IN THE SPHINCS SIGNATURE VARIANT, THIS IS THE FINAL STATEMENT:
 
< code-style=font-size: inherit; fint-family: PingFang SC, Helvetica, Arial, Hiragino Sans GB, Heiti SC, e-mail, WenQuan Yi Micro Hei, sans-serif; >therem works fullDigits incomparable {dig1 dig2: List Nat} {wl1 lll1: Nat2 } (wwww: < wwl < wwl ) (l1 :dg1-dl & dlb1-dg) (hren2: dig2.eg=lg) (hBund1 , ddig1 ) (hund2: d dig2 , wdg2 ) (wdh1-dh) (dh1-dig)
 
This is actually on the verge of being barely readable:
 
if the number generated from one hash summary (dig1) is not equal to the number generated from another hash summary (dig2)
 
So neither of the following:
 
 
for all figures, dig1 < = dig2
 
for all figures, dig2 < = dig1
 
 
This is also the case in the "wotsFullDigits" generated by adding checksums. In other words, in the expansion of dig1 the numbers will inevitably be higher in some places, and in others, in the expansion of dig2。
 
I found that Claude and Deepseek 4 Pro were both qualified to write certificates using large language models. Leanstral is a small open source weight model that has been specially fine-tuned to prepare Lean, which is a promising alternative。
 
It has 119B parameters, each token activates 6B, and you can run it locally, albeit slowly (about 15 tok/sec on my laptop). According to baseline tests, Leanstral has a much larger generic model:
 
Based on my current personal experience, it's slightly worse than Deepseek 4 Pro, but still effective。
 
Formalization does not solve all our problems。
 
But if we want Internet security models to be no longer based on the trust of everyone in a few powerful organizations, we need to turn to trust codes, including in the face of powerful artificial intellectual rivals。
 
AI-ENABLED FORMALIZATION HAS ALLOWED US TO MAKE SOLID STRIDES ON THE ROAD TO ACHIEVING THIS GOAL。
 
Like the block chains and ZK-SNARKs, artificial intelligence and formalization are very complementary techniques。
 
ZK-SNARKs gave you privacy and scalability at the expense of privacy and scalability, while ZK-SNARKs gave you privacy and scalability (in fact even more than before)。
 
Artificial intelligence gives you the ability to produce a large number of codes at the cost of accuracy, and formalization gives you accuracy back (in fact even higher than before)。
 
by default, artificial intelligence will generate a large number of extremely hasty codes, and the number of bugs will increase。
 
in fact, in some cases, it is the right trade-off to tolerate an increase in bugs: if bugs are mild, even the software that exists is better than without it。
 
But here, cybersecurity has an optimistic future: software will divide (continue) into "the edges of insecurity" around the "security core"。
 
Unsafe edges will operate in sandboxes and will be given only the minimum powers necessary to complete the work。
 
The security core will manage everything.

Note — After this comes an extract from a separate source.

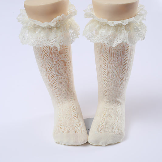 Collant traforati eleganti per bambina – Calze lunghe in cotone morbido

If the security core collapses, everything collapses, including your personal data, your money, etc. But if a part of an insecure edge collapses, the core of security can still protect you。
 
when it comes to the core of security, we can't allow the existence of bugs to spread. we will take radical action to maintain the small size of the core of security, and even further reduce it。
 
On the contrary, we have invested all the additional features of artificial intelligence in the task of making the core of security more secure, so that it can bear the enormous burden of trust that we have placed on it in a highly digitized society。
 
The inner core of the operating system (or at least part thereof) will be such a safety core。
 
The Ether House will be another。
 
It is hoped that at least for all non-performance-intensive calculations, the hardware you use will be the third。
 
The system related to the networking of goods will be the fourth。
 
at least in these cores of security, the old adage "bug" is inevitable, and you can only try to find them before the assailants" will be replaced by a more hopeful world, where you will have real security。
 
But if you're willing to hand over your assets and data to software that is poorly prepared and that might accidentally swallow them into a black hole, then of course you have that freedom。